B. Les conclusions de la SAR

[12] M. Mathieu affirme qu’il s’occupait d’une ferme dont son neveu était propriétaire. En mars 2017, se rendant à la ferme, il a constaté qu’un groupe d’étrangers, accompagnés de trois hommes haïtiens bien armés, campaient sur la terre sans y être autorisés. Les Haïtiens lui ont dit que les étrangers voulaient acquérir cette terre. M. Mathieu a refusé et leur a demandé de quitter les lieux. Deux mois plus tard, le même groupe d’hommes est revenu à la ferme lui offrir de l’argent pour qu’il dise aux étrangers que les trois Haïtiens étaient propriétaires de la terre. M. Mathieu dit que, quand il a de nouveau refusé, les hommes se sont rendus le soir même à sa maison et l’ont mitraillée.

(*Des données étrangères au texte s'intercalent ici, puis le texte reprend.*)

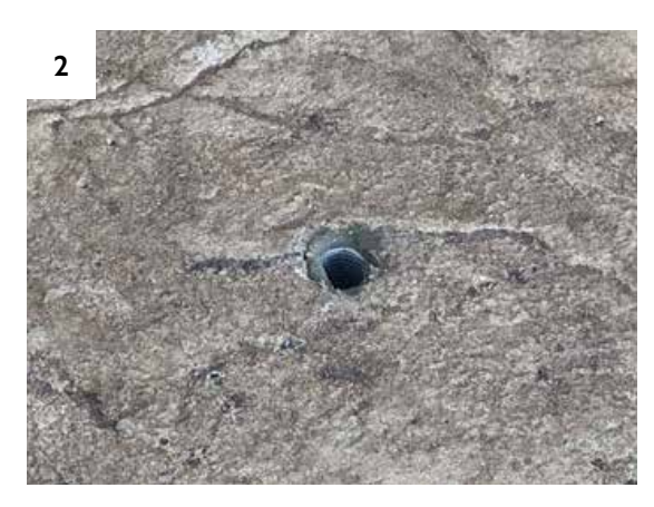
2. Locate anchor holes in the LDMP floor at both ends of every panel you are going to lower. Adjacent panels share anchors.
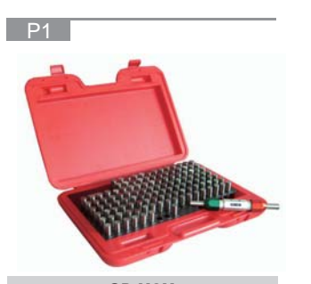
PLAIN PLUG GAGES
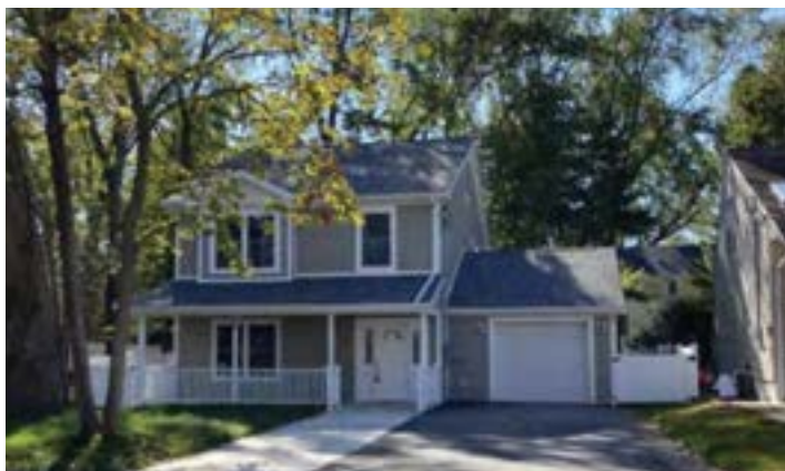
2020 - 11 Grand Terrace, Livingston, NJ. Single Family home 3BR/3BA
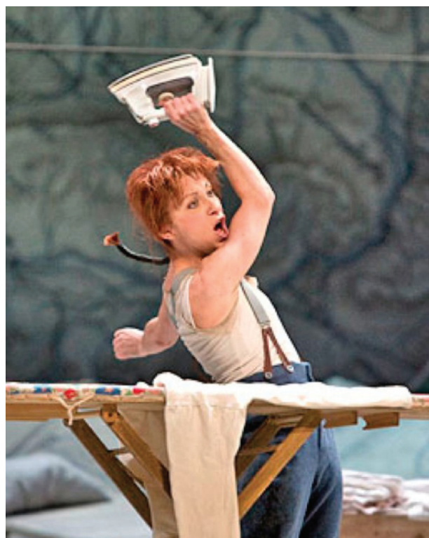
Nathalie Dessay in La Fille du régiment (2008)

La fille du regiment / Donizetti. Virgin Classics, 2008. Call #: DVD 792.542 FI
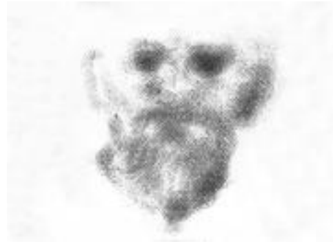
Random Light and Shadow (C07.13114)
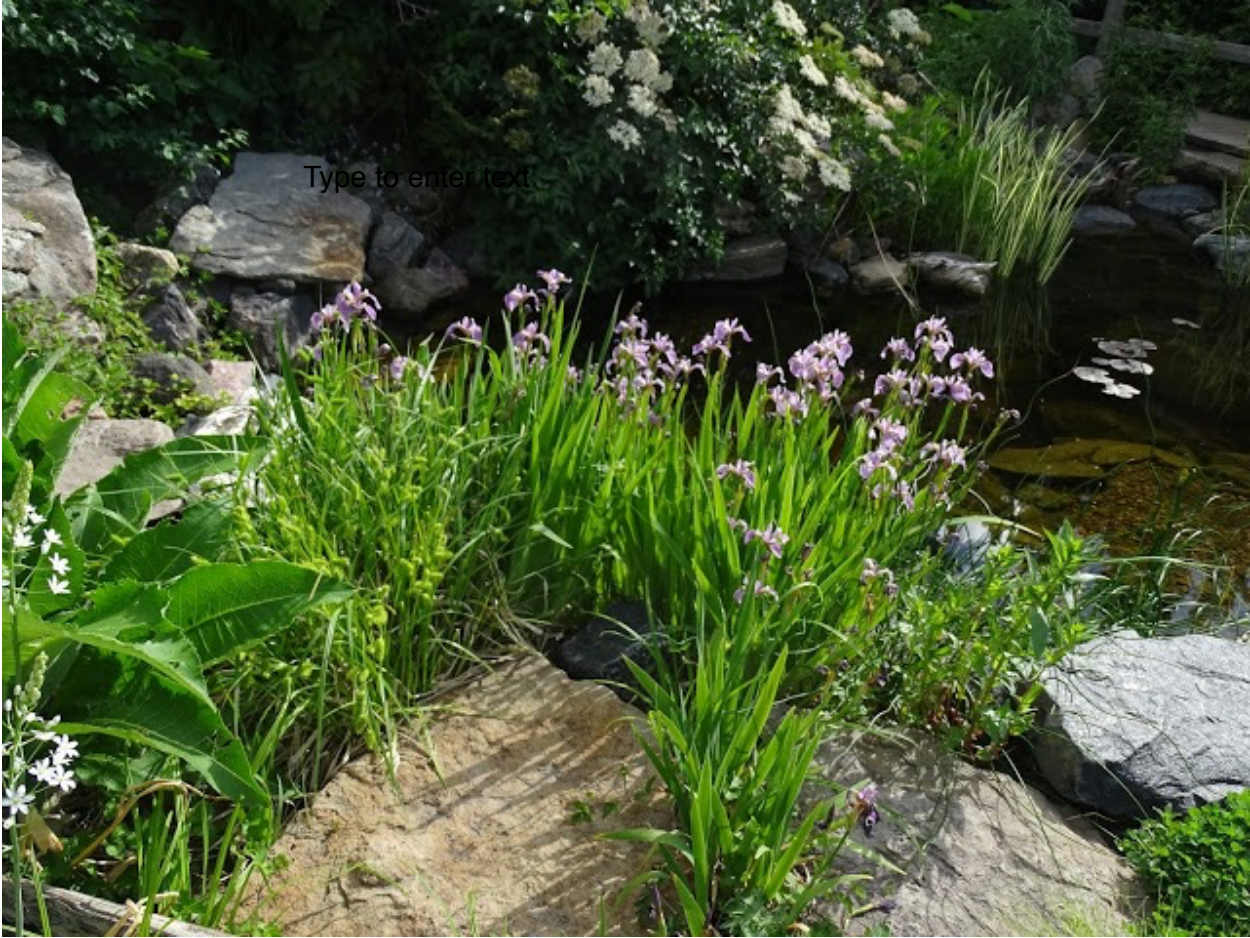
Iris versicolor in full bloom
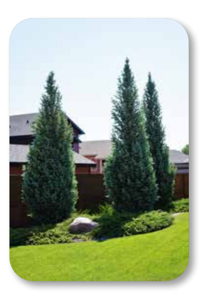
Columnar Blue Spruce
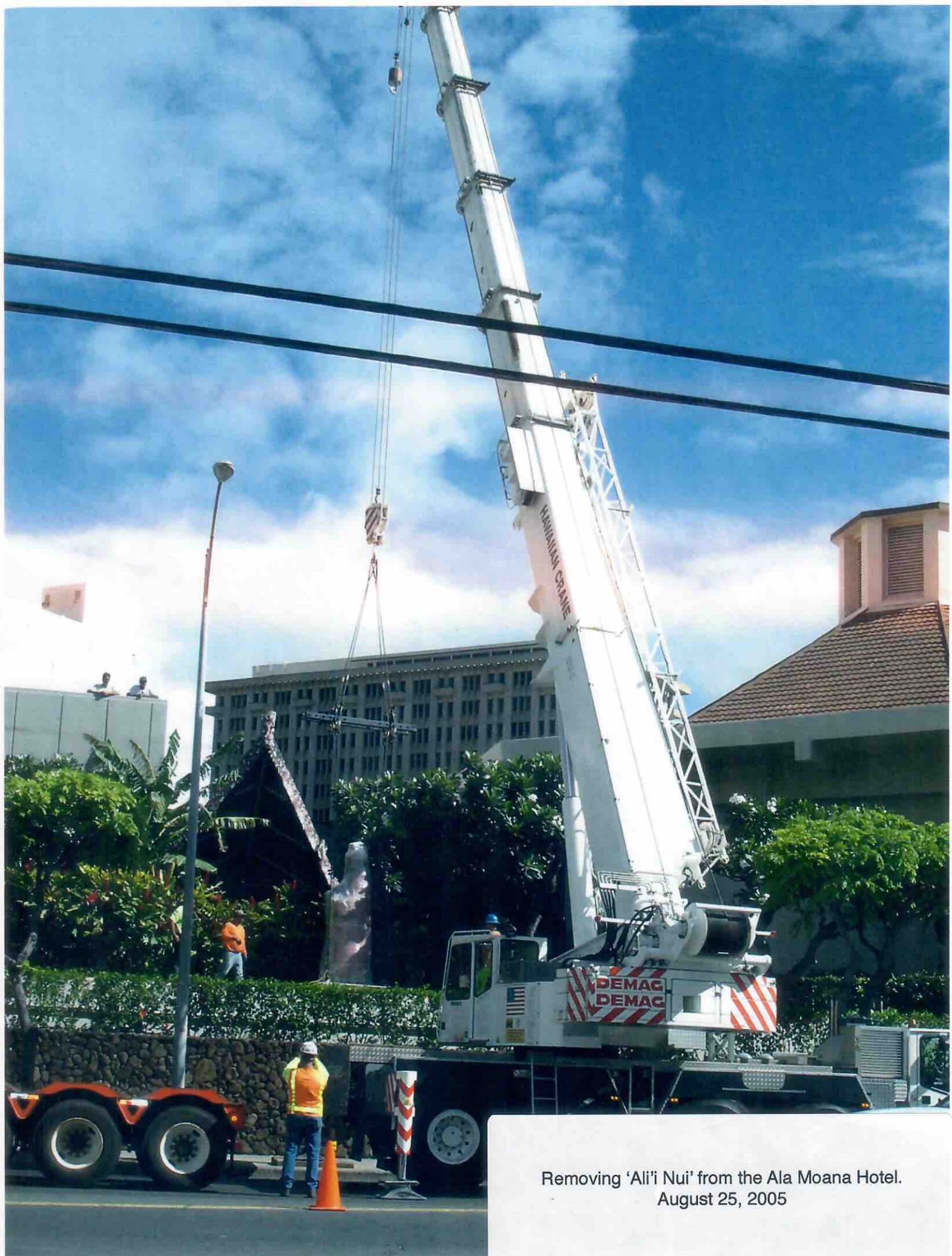
Removing 'Ali'i Nui' from the Ala Moana Hotel. August 25, 2005
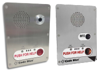
with camera no camera
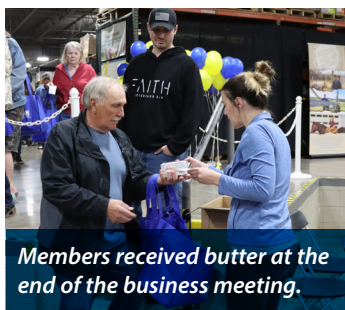
Members received butter at the end of the business meeting.
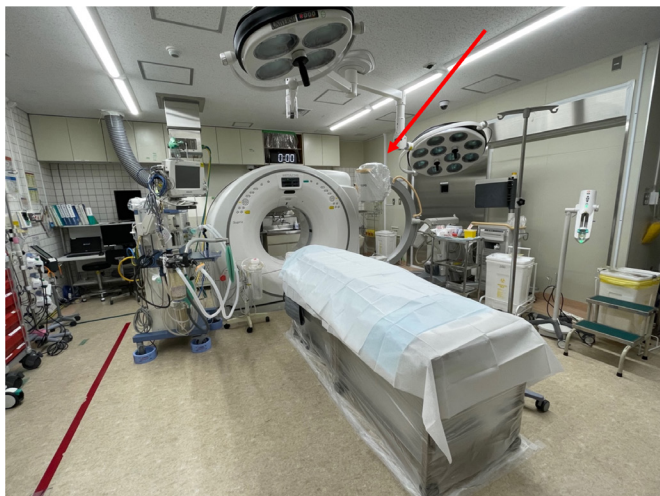
Figure 1 Overall view of the CTCARM. The patient resuscitation table is combined with a 64-helical CT scanner and C-arm fluoroscopy (red arrow). This system allows us not only to perform CT scanning but also emergency surgery, including thoracotomy and laparotomy, without transferring the patient. Although C-arm fluoroscopy is not the resolution required for interventional radiology procedures, we can perform essential cannulation of arteries or veins with the guidance of this fluoroscopy system. CTCARM, CT and C-arm combined resuscitation room system.

without patient transfer, offer the potential for innovation of bleeding control strategies, algorithms, and time processes for managing pelvic trauma. 8,9
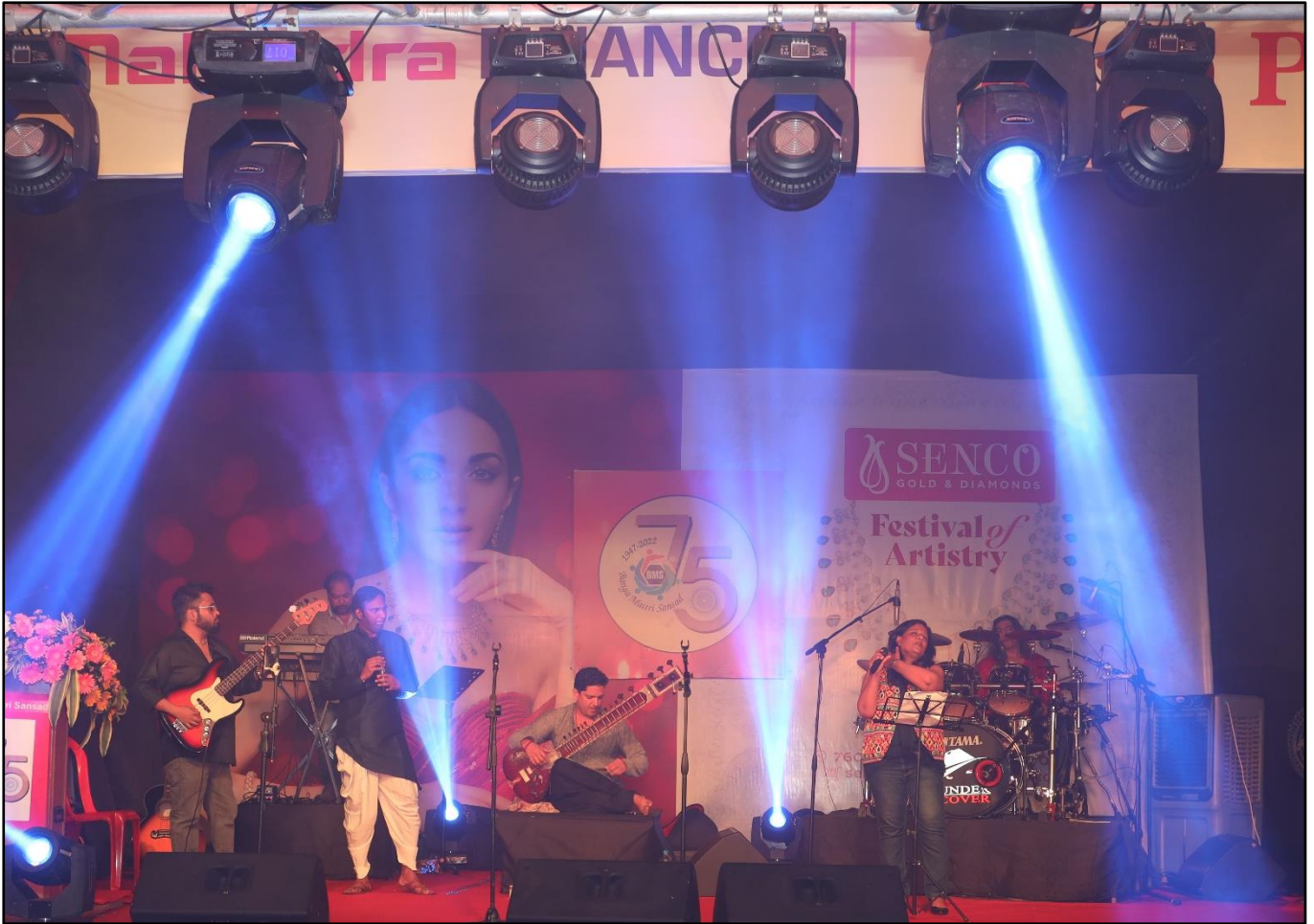
An upcoming Mumbai-based Indo-western fusion music group performed at the BMS Durga Puja in 2022.
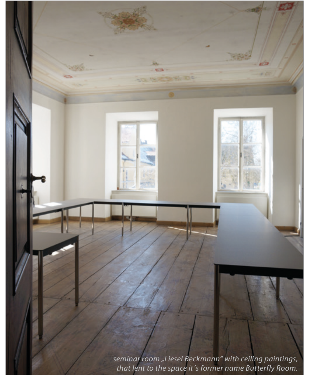
seminar room „Liesel Beckmann“ with ceiling paintings, that lent to the space it's former name Butterfly Room.
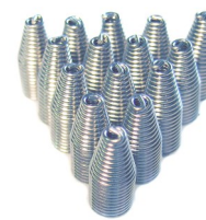
Nickel basket D9153
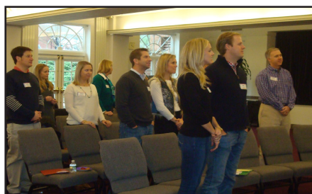
New members singing praises

A person's commitment to one church is made official through membership. A faithful member accepts Christ's call to be involved responsibly in his church – to join hearts together in ministry and hands in service.
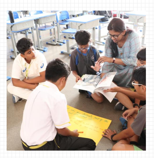
Facilitators reading aloud to the geckos
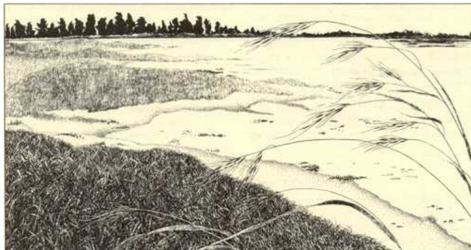
Looking northeast across Olcott Lake, a large vernal pool at the Jepson Prairie Reserve. Public tours of this site will be available this spring.

Two NRS publications received awards this year. Natural Reserve System: The First Twenty Years won an award of achievement from the Society for Technical Publications. It also received a silver medal from the Council for Advancement and Support of Education (CASE) in the photocommunications via print category for the images by Galen Rowell. This 4-color, 24-page booklet describes the purpose and history of the NRS, and highlights various teaching, research, and public service projects based on reserves. In addition, the Transect received a bronze medal from CASE in the internal periodicals division. Both publications are available at no charge from the systemwide NRS office (see back page).
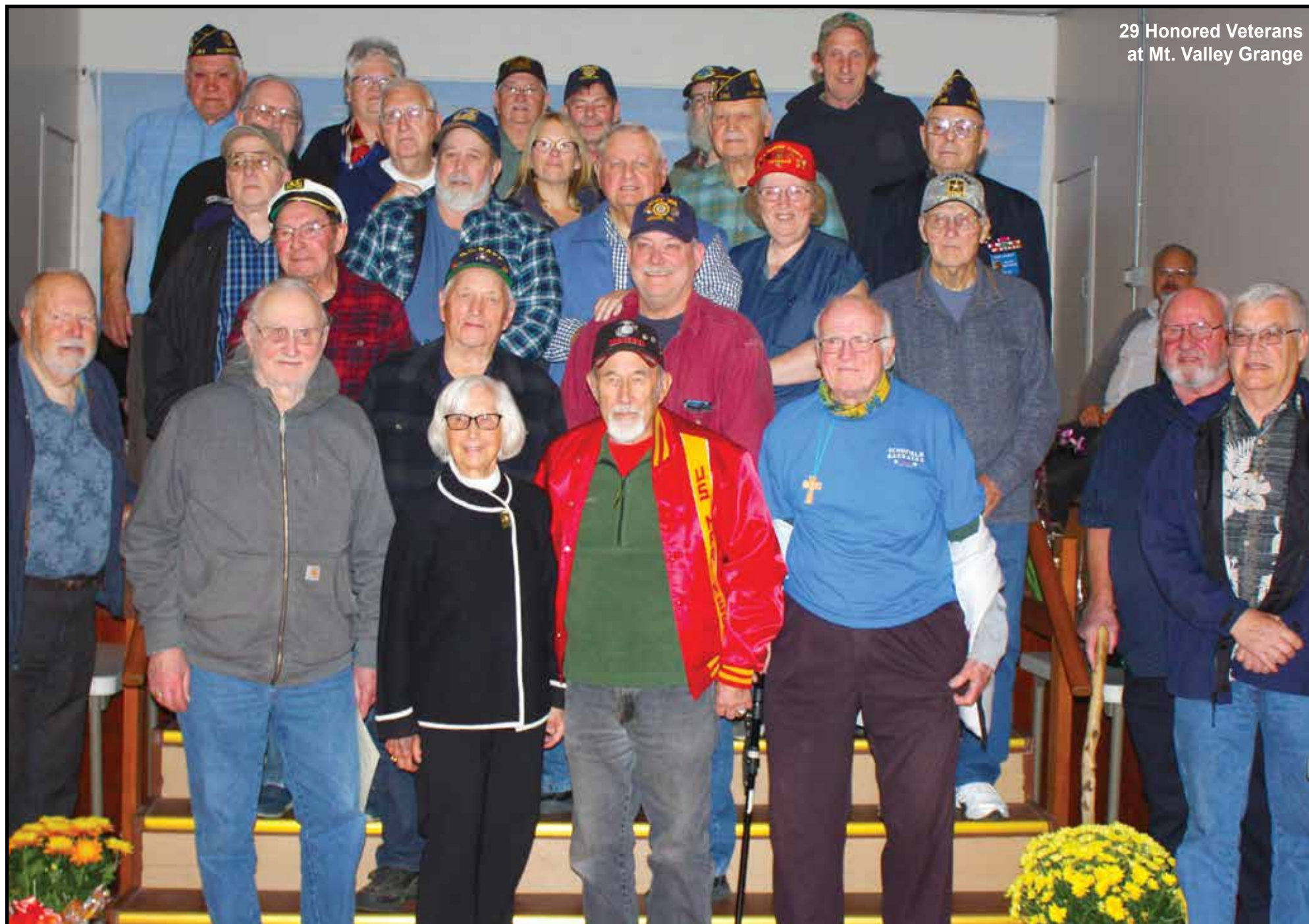
29 Honored Veterans at Mt. Valley Grange
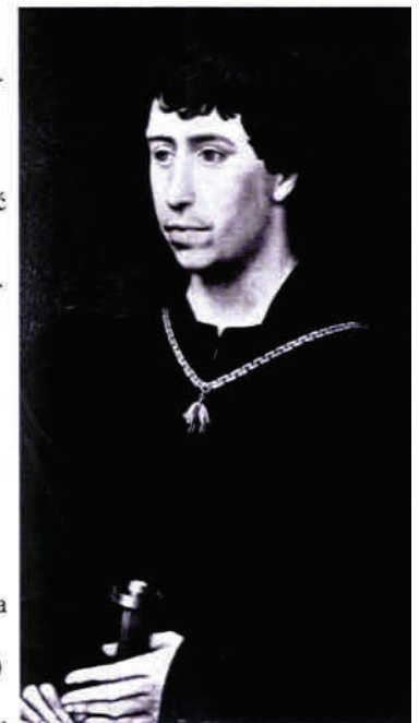
Бурзундски војвода Карло Смели. The Duke Charles le Téméraire of Burgundy.
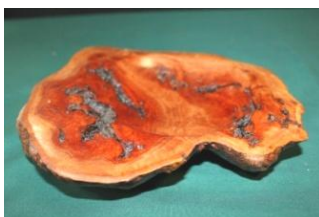
Burl - Lacquer
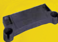
Black Composite Surface Front Shelf
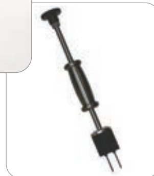
BLD5055 Heavy Duty Hammer Probe
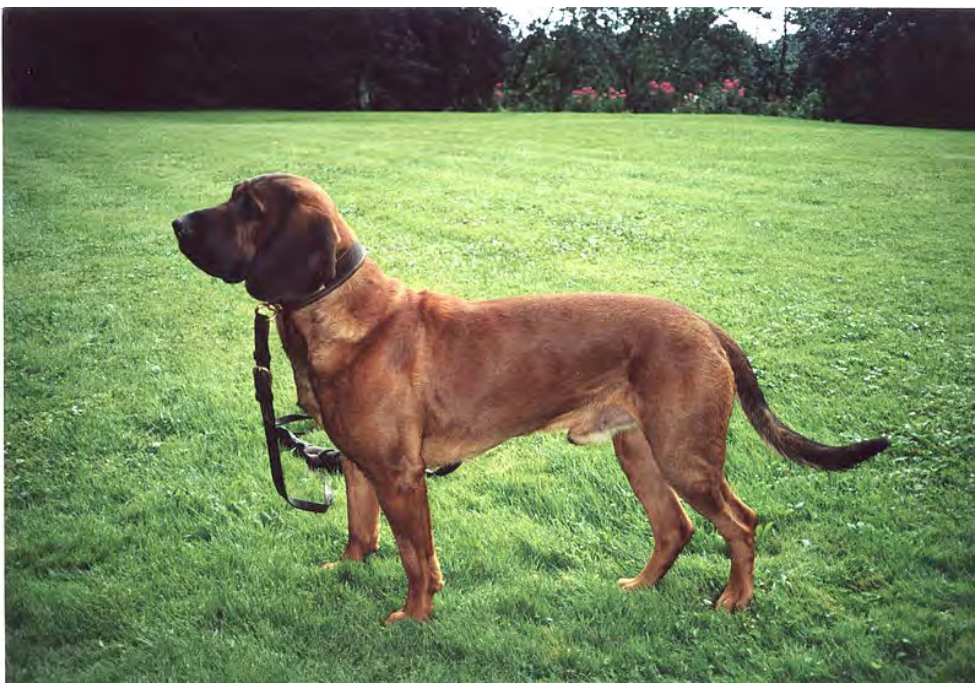
Hanover Bloodhound (Hannoverscher Schweißhund)
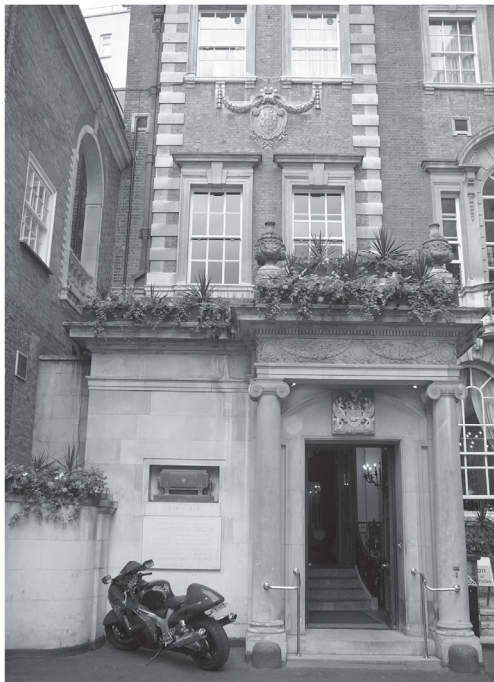
Figure 3: The building at Park Place, St. James's, London, where Fagan stayed

[13] Deux mois plus tard, les trois mêmes hommes, dont deux portaient des t‑shirts du PHTK, ont enlevé M. Mathieu, l’ont conduit à la ferme, et l’ont torturé et passé à tabac. Ils l’ont attaché à un gros arbre et ont allumé un feu, en menaçant de le tuer s’il ne leur remettait pas le titre de propriété. Quand ils sont partis chercher de l’essence et du bois sec, un voisin nommé Bony Paul est venu à sa rescousse. M. Mathieu a reçu des soins médicaux, puis il est allé se cacher avant de partir pour la Floride, pour finalement se diriger vers le Canada, où il a présenté une demande d’asile.

[14] La SAR s’est demandé si M. Mathieu disposait d’une PRI viable à Cap‑Haïtien ou aux Cayes, deux grandes villes situées à plusieurs heures de l’île où s’était produite l’attaque contre la ferme du neveu. La SAR, lors de son examen du premier volet du critère relatif à l’existence d’une PRI, a conclu que M. Mathieu n’avait pas établi que les trois hommes étaient liés au PHTK ou au gouvernement d’Haïti. Selon la SAR, M. Mathieu ne pouvait se fonder sur les gilets portés par les hommes et sur le fait que ceux‑ci étaient ouvertement armés pour prétendre que les bandits étaient bien des membres du parti politique ou qu’ils étaient proches du gouvernement. La SAR a aussi noté que d’autres membres de la famille de M. Mathieu vivant sur la même île n’avaient pas été approchés ou recherchés, et, selon elle, même si ce point n’était pas déterminant, cela donnait à penser que lui‑même n’était pas recherché par les bandits ou que ceux‑ci n’étaient pas des militants politiques.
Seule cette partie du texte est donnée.